* Assigned task *
Return the material below exactly, but only from the line with "7月1日,化学与环境工程学院" through the line with "REQA-Li Reqayê şênî, rûspî", and without its pictures.
##### Records for the exercise
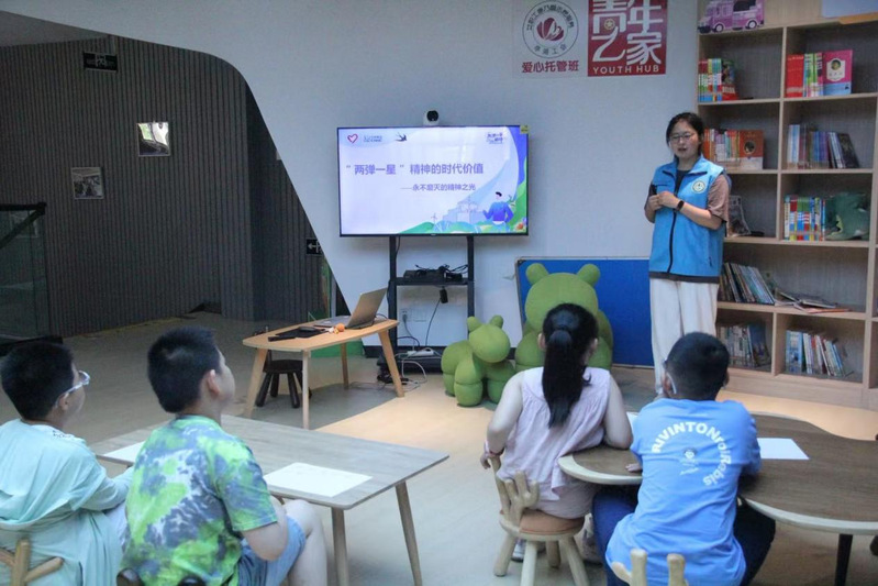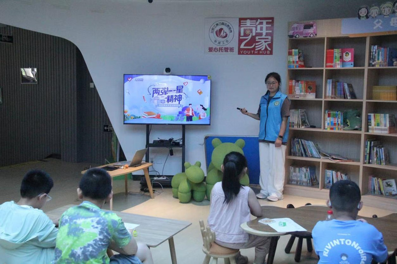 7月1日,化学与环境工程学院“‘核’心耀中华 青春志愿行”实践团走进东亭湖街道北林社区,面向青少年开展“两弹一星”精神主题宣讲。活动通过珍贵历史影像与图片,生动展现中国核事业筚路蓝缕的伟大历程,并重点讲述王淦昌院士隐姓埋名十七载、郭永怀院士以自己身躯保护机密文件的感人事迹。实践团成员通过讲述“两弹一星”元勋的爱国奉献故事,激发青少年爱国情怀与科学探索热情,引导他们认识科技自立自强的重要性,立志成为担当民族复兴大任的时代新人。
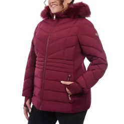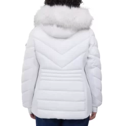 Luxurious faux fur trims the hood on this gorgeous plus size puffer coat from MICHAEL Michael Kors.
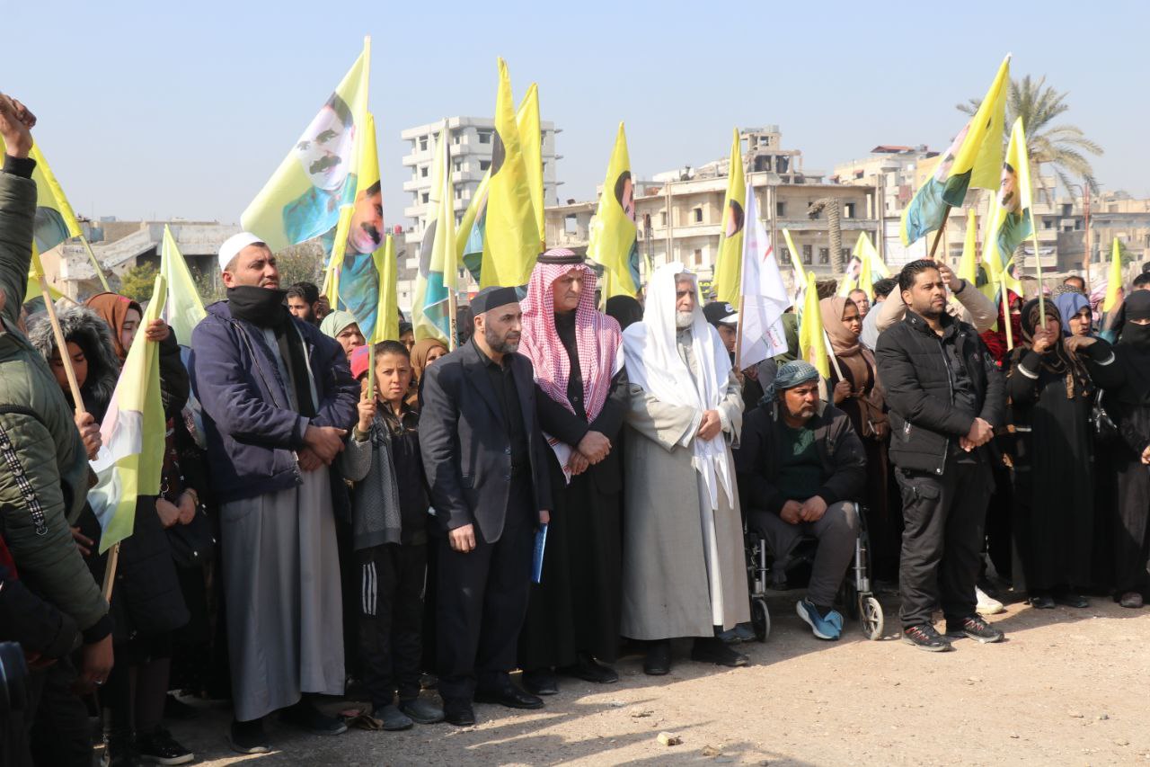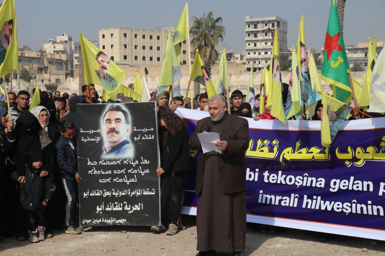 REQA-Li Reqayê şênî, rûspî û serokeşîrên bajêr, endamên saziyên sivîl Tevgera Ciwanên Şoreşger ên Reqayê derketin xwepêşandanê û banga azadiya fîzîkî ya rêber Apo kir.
##########
##### Records for the exercise
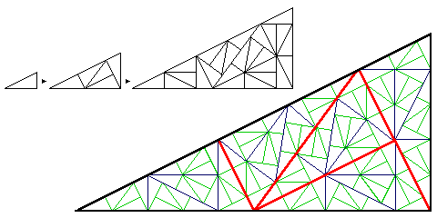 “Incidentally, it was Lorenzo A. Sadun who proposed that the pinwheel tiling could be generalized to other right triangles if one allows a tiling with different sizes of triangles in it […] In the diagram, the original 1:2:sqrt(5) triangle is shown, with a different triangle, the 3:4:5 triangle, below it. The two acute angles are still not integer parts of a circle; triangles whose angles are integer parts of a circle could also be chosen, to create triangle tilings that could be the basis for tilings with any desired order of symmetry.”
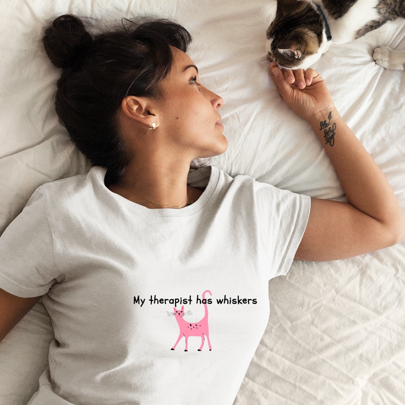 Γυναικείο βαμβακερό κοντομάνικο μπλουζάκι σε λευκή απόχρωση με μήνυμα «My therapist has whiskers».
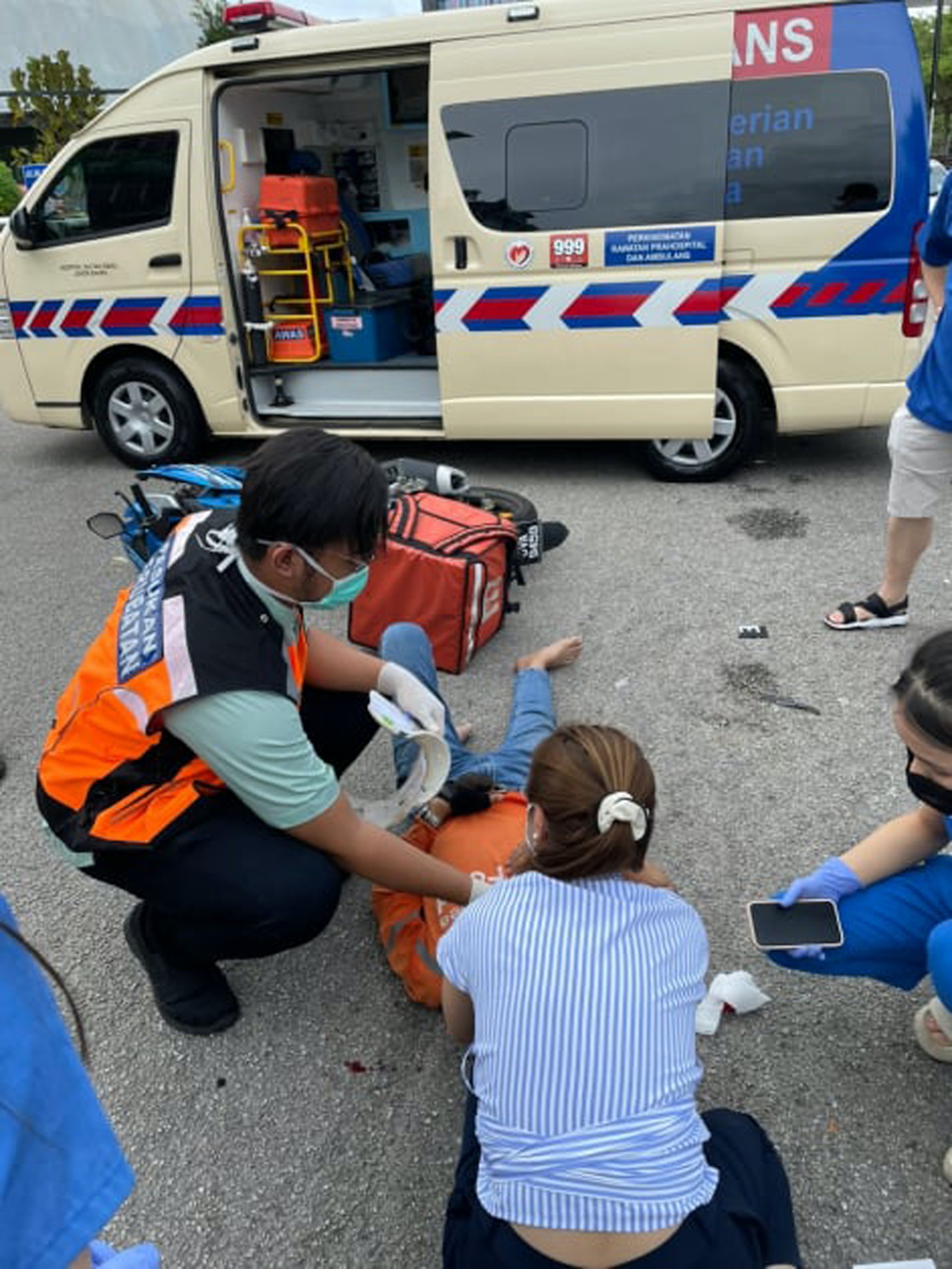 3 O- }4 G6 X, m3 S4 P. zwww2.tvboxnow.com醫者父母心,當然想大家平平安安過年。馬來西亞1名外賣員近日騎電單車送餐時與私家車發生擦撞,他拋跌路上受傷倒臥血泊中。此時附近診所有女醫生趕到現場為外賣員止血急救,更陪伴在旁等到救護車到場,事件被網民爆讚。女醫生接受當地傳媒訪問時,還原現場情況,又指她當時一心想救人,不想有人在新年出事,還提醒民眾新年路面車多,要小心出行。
##########
##### Records for the exercise
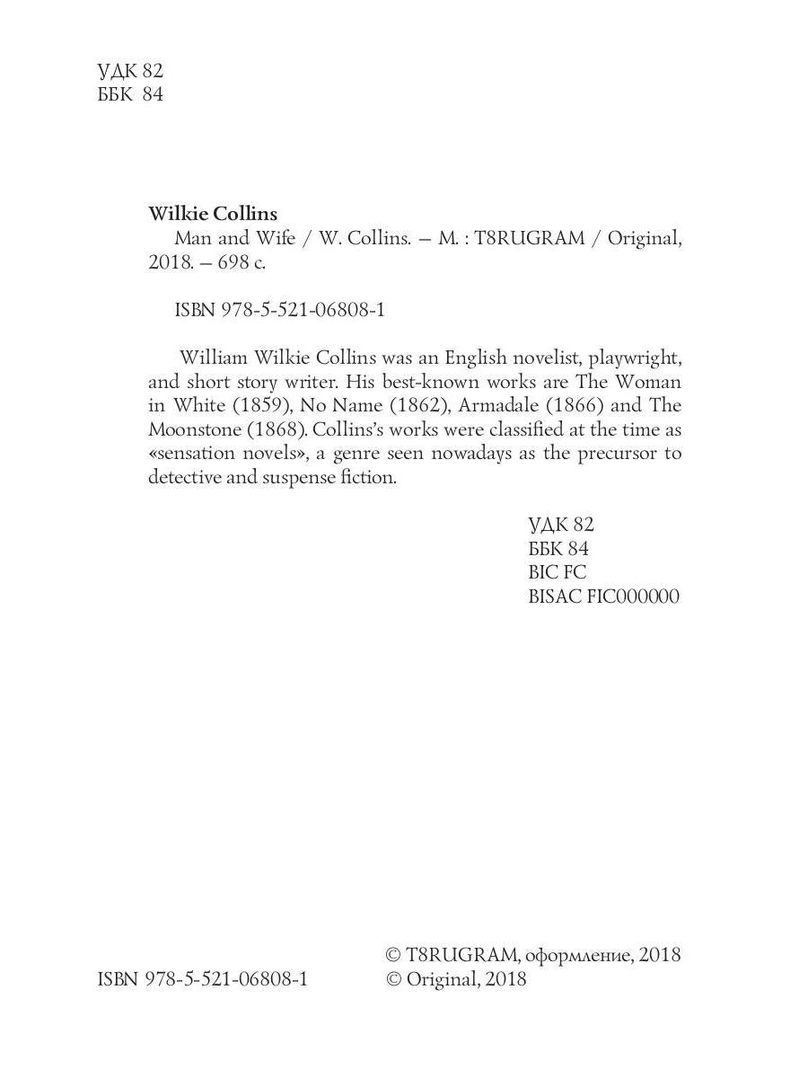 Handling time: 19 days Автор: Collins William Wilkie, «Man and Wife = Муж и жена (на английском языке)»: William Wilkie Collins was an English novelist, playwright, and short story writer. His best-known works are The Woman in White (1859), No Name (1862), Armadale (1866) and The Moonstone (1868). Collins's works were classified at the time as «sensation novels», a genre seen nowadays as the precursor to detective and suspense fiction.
##########
* Written solution *
 7月1日,化学与环境工程学院“‘核’心耀中华 青春志愿行”实践团走进东亭湖街道北林社区,面向青少年开展“两弹一星”精神主题宣讲。活动通过珍贵历史影像与图片,生动展现中国核事业筚路蓝缕的伟大历程,并重点讲述王淦昌院士隐姓埋名十七载、郭永怀院士以自己身躯保护机密文件的感人事迹。实践团成员通过讲述“两弹一星”元勋的爱国奉献故事,激发青少年爱国情怀与科学探索热情,引导他们认识科技自立自强的重要性,立志成为担当民族复兴大任的时代新人。
 Luxurious faux fur trims the hood on this gorgeous plus size puffer coat from MICHAEL Michael Kors.
 REQA-Li Reqayê şênî, rûspî û serokeşîrên bajêr, endamên saziyên sivîl Tevgera Ciwanên Şoreşger ên Reqayê derketin xwepêşandanê û banga azadiya fîzîkî ya rêber Apo kir.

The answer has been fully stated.